Says Mahfuz Anam, editor of the Dhaka-based The Daily Star, "Regardless of circumstances, I cannot understand why so many Bangladeshis have been killed in BSF firing. If they were trespassing, they could have been arrested and handed over to our border force. Why kill unarmed people? There is a perception that Bangladeshis are being killed recklessly and without any thought to the consequences of such killing. This perception is definitely adding to an overall impression of the high-handedness of India in dealing with Bangladesh. This is definitely not conducive to healthy Indo-Bangladesh relations, which I believe both sides desire."

Perceptions also vary over the causes underlying border firings. BDR sources claim a major reason for the conflict is the BSF's nexus with smugglers. They say rivalry between smuggling groups over big financial transactions prompts the Indian cartels to take the assistance of corrupt BSF personnel to neutralise their Bangladeshi rivals. They argue that the BSF-smuggler nexus can be gleaned from the fact that drug peddlers, including those dealing with a cough syrup called Phensydyl, which is banned in Bangladesh, are not victims: they simply grease palms for safe passage. According to the BDR, cattle traders and farmers are principal victims, that the BDR-BSF incidents are mainly sparked by the killings of civilians, cultivation on adverse possessed land, fencing and illegal construction by Indians.

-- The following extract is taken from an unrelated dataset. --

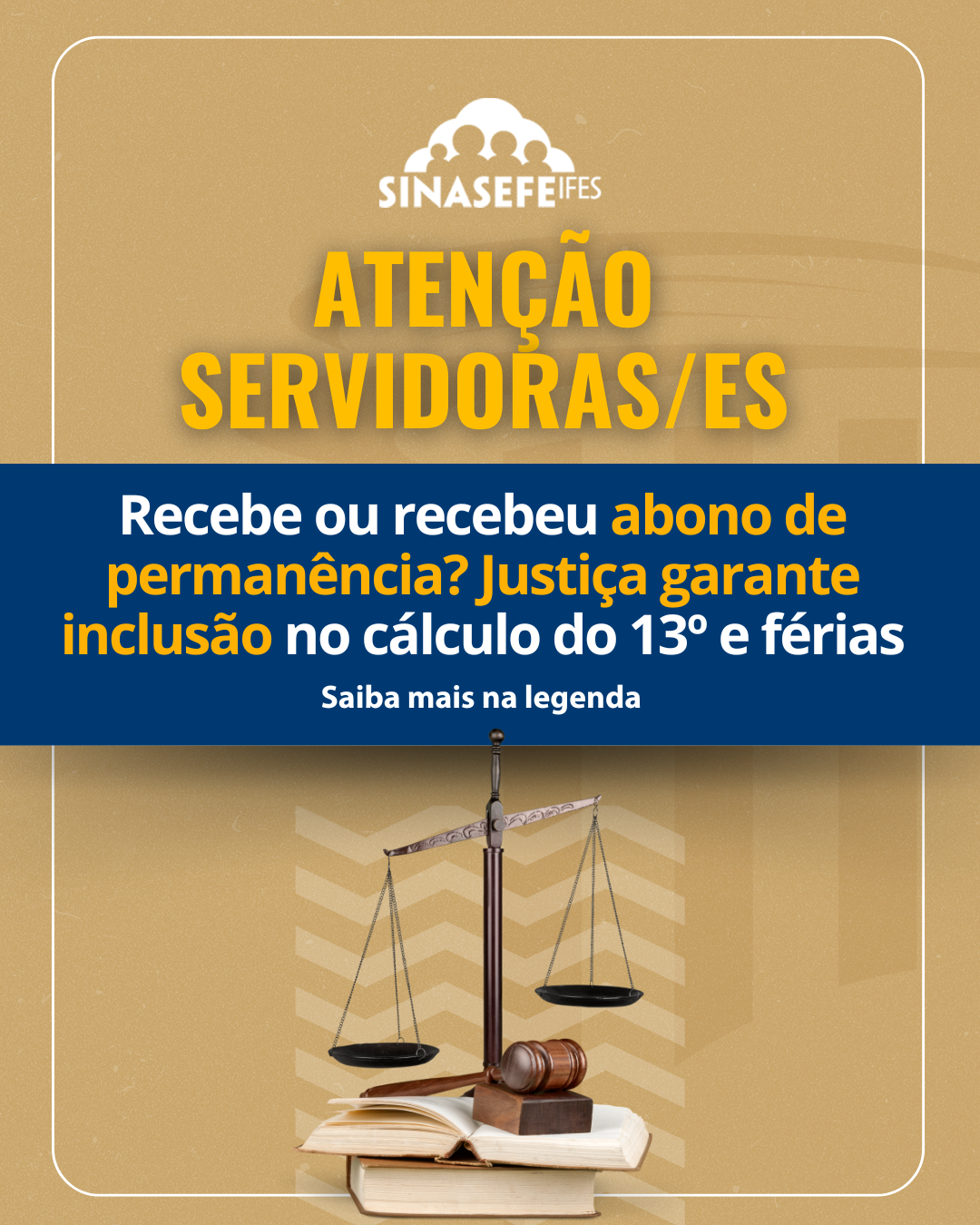 Mesmo com as decisões já proferidas, a inclusão do abono de permanência na base de cálculo não ocorre de forma automática. Por isso, servidoras/es que estejam nessa situação devem procurar a assessoria jurídica do Sinasefe Ifes para verificar o direito à correção dos pagamentos e ao recebimento dos valores retroativos.

Says a top BDR source, "The BSF is a trigger-happy force. When we tell them about people being killed on our side, it says an almost equal number of Indians are killed by them on the border." He further adds, "What is sadly evident is that they shoot to kill—and not to scare. For, most victims are shot in the head or chest.... The BSF can demonstrate it is our friend by accommodating our views and positions on certain issues instead of just imposing theirs."

Talk to the Indians, and you get a different picture. Rubbishing the BDR's accusations of the BSF-smuggler nexus, the Indian high commission spokesperson counters, "This is an unfair allegation. I'd say there are a lot of allegations against the BDR providing support to smugglers and other criminals." He further says there are armed gangs ferrying contraband, weapons and arms across the Indo-Bangla border, that there's a lot of trafficking of women and children from Bangladesh into India. "The BSF's objective is to ensure that such kind of cross-border illegal activity does not take place. Not only Bangladeshis, but a large number of Indians have also been killed by the BSF.... All those killed are people engaged in criminal activities," he asserts.

These killings, says noted security analyst Brig Gen (retd) Shahedul Anam Khan, are because of the peculiar nature of the Indo-Bangla border. He explains, "It's a line that has divided families and cut across hearths, broken up homes, and separated homestead from the farmland that belonged to it. These are areas that are vibrant and alive. The reality is that natural interactions between people on the border that had existed for centuries were disrupted very literally with one stroke of the pen (British-designed partition). Thus, a more humane approach to some of the border issues is required."

"One approach," argues Imtiaz Ahmed, an International Relations professor at the Dhaka University, "is not to keep the bordering areas peripheral in each nation's development agenda, but turning them into industrial areas so that people from both the countries can find employment and return to their respective homes at the end of the day. This could turn the frontier into a friendly area from a tensed one." It could well be an advice worth heeding.